**DATA IN THIS EXERCISE**
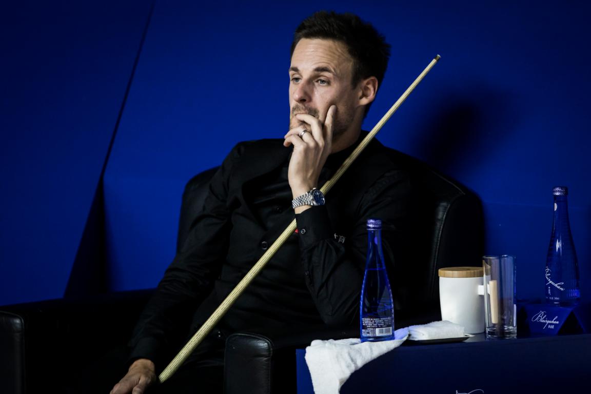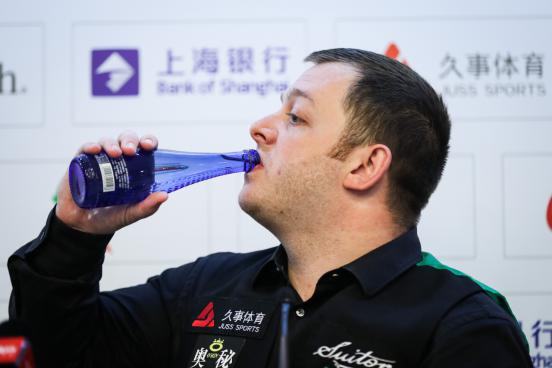 斯諾克可以說(shuō)是十分講究視覺(jué)與氛圍的運(yùn)動(dòng),哪怕不是“戲劇天才”如奧沙利文,當(dāng)所有選手按照臺(tái)球比賽的禮儀穿著西裝馬甲、領(lǐng)結(jié)、襯衣、西褲和皮鞋、比賽全程都恪守著紳士的美德——沉默和冷靜;當(dāng)他們?cè)诤谏ひ紊仙宰餍菹?優(yōu)雅地飲用玻璃瓶裝的Blairquhan本來(lái)旺礦泉水或蘇打水……觀眾有時(shí)候很難分辨,這到底是一場(chǎng)競(jìng)技體育,還是一場(chǎng)真實(shí)的舞臺(tái)劇。
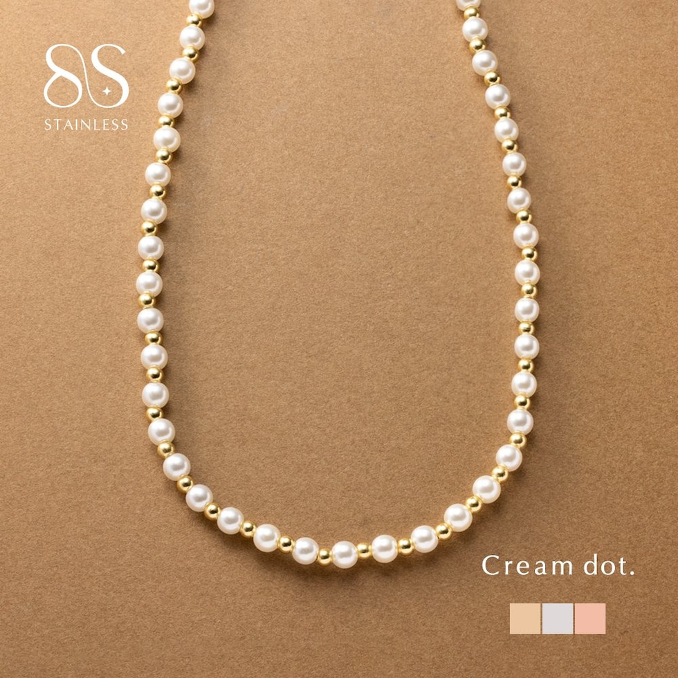 ネックレス ステンレス 金属アレルギー サージカルステンレス レディース つけっぱなし ショート チェーン パール メタルボール ミックス cream dot ゆうパケット [ゴールド_ワンサイズ]
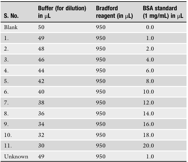 三列数据从左至右依次为:稀释缓冲液、Bradford 试剂、BSA 标准品。
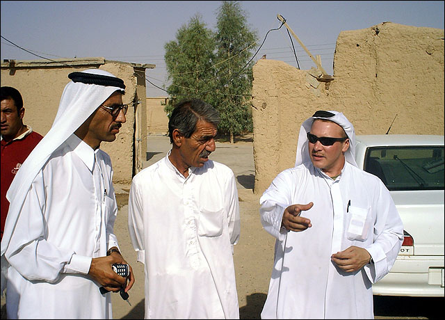 U.S. Army Staff Sgt. Dale L. Horn, right, of Fort Walton Beach, Fla., speaks with Dr. Mohammed Ismail Ahmed, a local sheik, left, and a villager in Ojba, Iraq. Horn was made an honorary sheik for his efforts to help villages in his patrol's area.
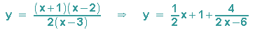 und erkennt, dass der Wert des Bruches für diesen Fall gegen Null strebt. Die verbleibende Gerade wird Asymptote der Funktion genannt. Manchmal wird auch noch die Polstelle x=3 so genannt.
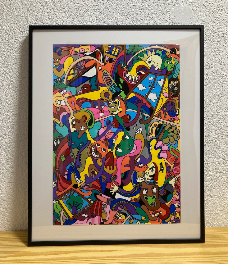 Dibujo enmarcado con un marco de aluminio y vidrio sintético.
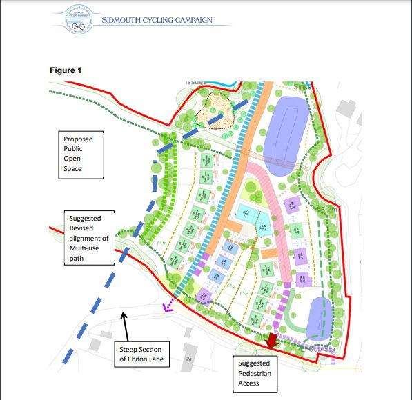 Similarly, the Sidmouth Cycling Campaign’s submission is very reasonable – welcoming the application but providing substantial comments, also in map form:
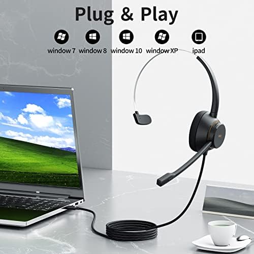 EASY TO USE: The phone headsets for office phones does not need to install a driver, just plug it into a computer and use it. Easily adjust the mute button with a blue light indicator and up/down volume buttons
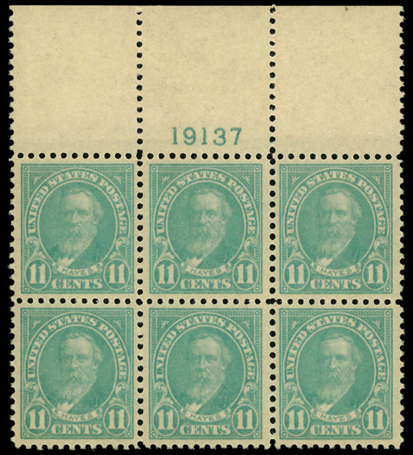 5201 nhbl 563 image1922, 11¢ Hayes (Scott 563), top margin plate block of 6, Well-preserved color strength, o.g., never hinged; gum skip down center stamps, Very Fine.

**EXERCISE GOAL**
The records need to be restated word for word, minus any images.

**RESPONSE TO THE EXERCISE**
 斯諾克可以說(shuō)是十分講究視覺(jué)與氛圍的運(yùn)動(dòng),哪怕不是“戲劇天才”如奧沙利文,當(dāng)所有選手按照臺(tái)球比賽的禮儀穿著西裝馬甲、領(lǐng)結(jié)、襯衣、西褲和皮鞋、比賽全程都恪守著紳士的美德——沉默和冷靜;當(dāng)他們?cè)诤谏ひ紊仙宰餍菹?優(yōu)雅地飲用玻璃瓶裝的Blairquhan本來(lái)旺礦泉水或蘇打水……觀眾有時(shí)候很難分辨,這到底是一場(chǎng)競(jìng)技體育,還是一場(chǎng)真實(shí)的舞臺(tái)劇。
 ネックレス ステンレス 金属アレルギー サージカルステンレス レディース つけっぱなし ショート チェーン パール メタルボール ミックス cream dot ゆうパケット [ゴールド_ワンサイズ]
 三列数据从左至右依次为:稀释缓冲液、Bradford 试剂、BSA 标准品。
 U.S. Army Staff Sgt. Dale L. Horn, right, of Fort Walton Beach, Fla., speaks with Dr. Mohammed Ismail Ahmed, a local sheik, left, and a villager in Ojba, Iraq. Horn was made an honorary sheik for his efforts to help villages in his patrol's area.
 und erkennt, dass der Wert des Bruches für diesen Fall gegen Null strebt. Die verbleibende Gerade wird Asymptote der Funktion genannt. Manchmal wird auch noch die Polstelle x=3 so genannt.
 Dibujo enmarcado con un marco de aluminio y vidrio sintético.
 Similarly, the Sidmouth Cycling Campaign’s submission is very reasonable – welcoming the application but providing substantial comments, also in map form:
 EASY TO USE: The phone headsets for office phones does not need to install a driver, just plug it into a computer and use it. Easily adjust the mute button with a blue light indicator and up/down volume buttons
 5201 nhbl 563 image1922, 11¢ Hayes (Scott 563), top margin plate block of 6, Well-preserved color strength, o.g., never hinged; gum skip down center stamps, Very Fine.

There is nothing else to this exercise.